── GIVEN INFORMATION
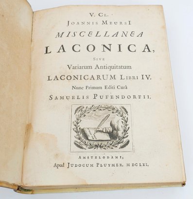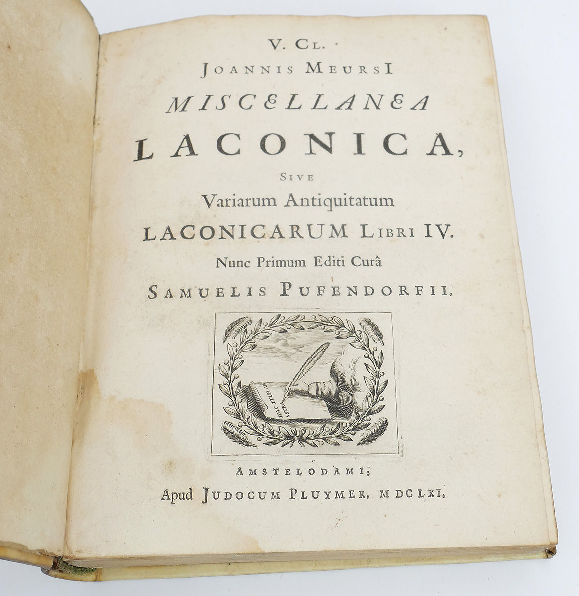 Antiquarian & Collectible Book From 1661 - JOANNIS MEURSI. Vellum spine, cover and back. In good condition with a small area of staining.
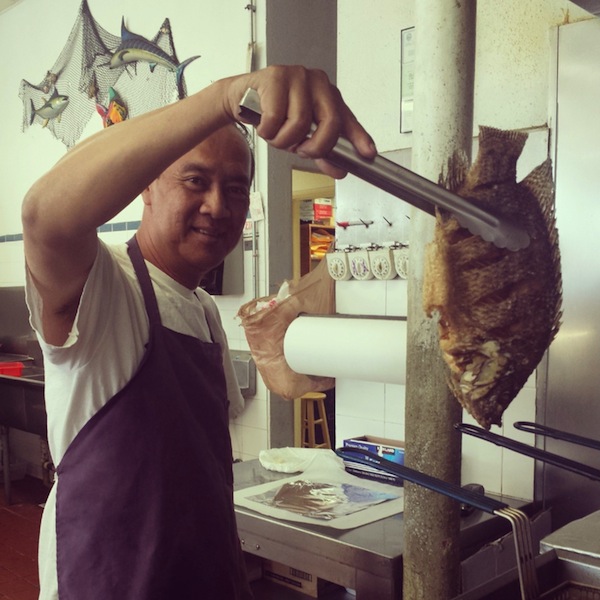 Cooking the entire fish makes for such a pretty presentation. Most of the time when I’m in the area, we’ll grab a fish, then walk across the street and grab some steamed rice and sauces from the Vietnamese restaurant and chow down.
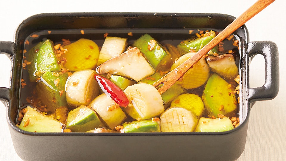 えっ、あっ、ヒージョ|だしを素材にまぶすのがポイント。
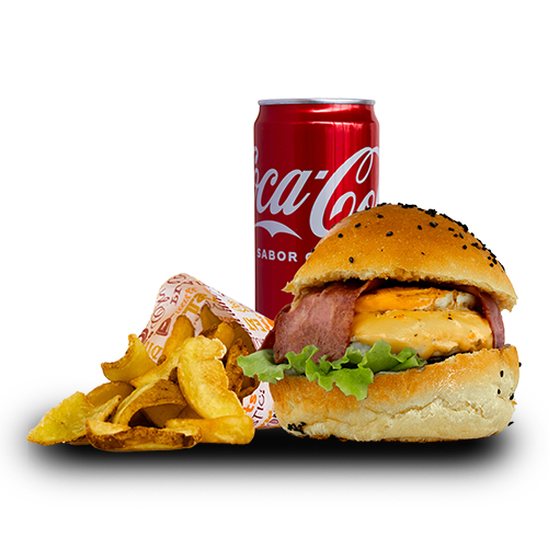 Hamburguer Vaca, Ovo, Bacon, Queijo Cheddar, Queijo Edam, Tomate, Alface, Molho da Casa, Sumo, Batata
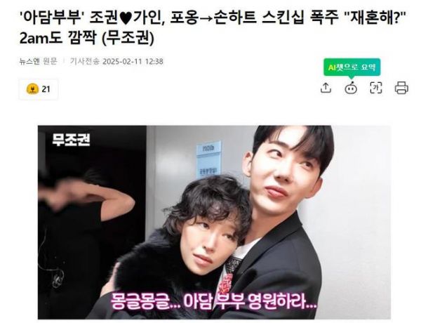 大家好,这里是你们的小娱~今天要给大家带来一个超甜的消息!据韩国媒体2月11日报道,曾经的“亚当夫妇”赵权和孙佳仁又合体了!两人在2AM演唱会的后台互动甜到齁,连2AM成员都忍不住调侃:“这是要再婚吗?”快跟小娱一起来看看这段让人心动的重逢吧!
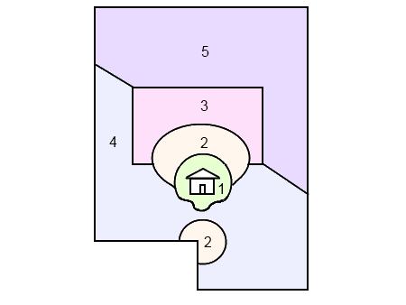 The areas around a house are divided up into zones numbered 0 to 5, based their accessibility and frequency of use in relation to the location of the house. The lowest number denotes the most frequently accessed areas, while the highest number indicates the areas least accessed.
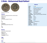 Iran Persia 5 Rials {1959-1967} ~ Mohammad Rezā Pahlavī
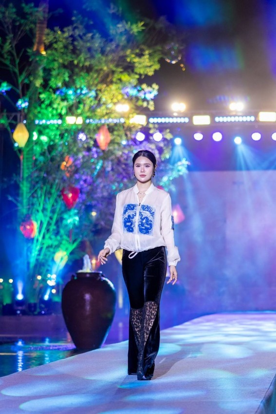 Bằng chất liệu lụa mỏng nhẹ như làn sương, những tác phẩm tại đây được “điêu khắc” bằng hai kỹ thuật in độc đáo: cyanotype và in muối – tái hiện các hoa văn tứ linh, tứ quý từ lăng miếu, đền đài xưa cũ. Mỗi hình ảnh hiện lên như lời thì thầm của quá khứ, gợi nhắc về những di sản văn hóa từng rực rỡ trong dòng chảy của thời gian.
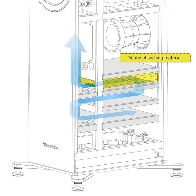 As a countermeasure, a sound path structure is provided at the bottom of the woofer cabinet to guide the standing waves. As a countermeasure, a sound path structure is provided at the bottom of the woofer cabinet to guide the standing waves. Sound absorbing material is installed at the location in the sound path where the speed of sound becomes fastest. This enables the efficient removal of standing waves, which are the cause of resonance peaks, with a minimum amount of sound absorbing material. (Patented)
────
■ ASSIGNMENT: All of the entries must be reproduced exactly, apart from the pictures, which are to be dropped.

■ EXERCISE ANSWER:
 Antiquarian & Collectible Book From 1661 - JOANNIS MEURSI. Vellum spine, cover and back. In good condition with a small area of staining.
 Cooking the entire fish makes for such a pretty presentation. Most of the time when I’m in the area, we’ll grab a fish, then walk across the street and grab some steamed rice and sauces from the Vietnamese restaurant and chow down.
 えっ、あっ、ヒージョ|だしを素材にまぶすのがポイント。
 Hamburguer Vaca, Ovo, Bacon, Queijo Cheddar, Queijo Edam, Tomate, Alface, Molho da Casa, Sumo, Batata
 大家好,这里是你们的小娱~今天要给大家带来一个超甜的消息!据韩国媒体2月11日报道,曾经的“亚当夫妇”赵权和孙佳仁又合体了!两人在2AM演唱会的后台互动甜到齁,连2AM成员都忍不住调侃:“这是要再婚吗?”快跟小娱一起来看看这段让人心动的重逢吧!
 The areas around a house are divided up into zones numbered 0 to 5, based their accessibility and frequency of use in relation to the location of the house. The lowest number denotes the most frequently accessed areas, while the highest number indicates the areas least accessed.
 Iran Persia 5 Rials {1959-1967} ~ Mohammad Rezā Pahlavī
 Bằng chất liệu lụa mỏng nhẹ như làn sương, những tác phẩm tại đây được “điêu khắc” bằng hai kỹ thuật in độc đáo: cyanotype và in muối – tái hiện các hoa văn tứ linh, tứ quý từ lăng miếu, đền đài xưa cũ. Mỗi hình ảnh hiện lên như lời thì thầm của quá khứ, gợi nhắc về những di sản văn hóa từng rực rỡ trong dòng chảy của thời gian.
 As a countermeasure, a sound path structure is provided at the bottom of the woofer cabinet to guide the standing waves. As a countermeasure, a sound path structure is provided at the bottom of the woofer cabinet to guide the standing waves. Sound absorbing material is installed at the location in the sound path where the speed of sound becomes fastest. This enables the efficient removal of standing waves, which are the cause of resonance peaks, with a minimum amount of sound absorbing material. (Patented)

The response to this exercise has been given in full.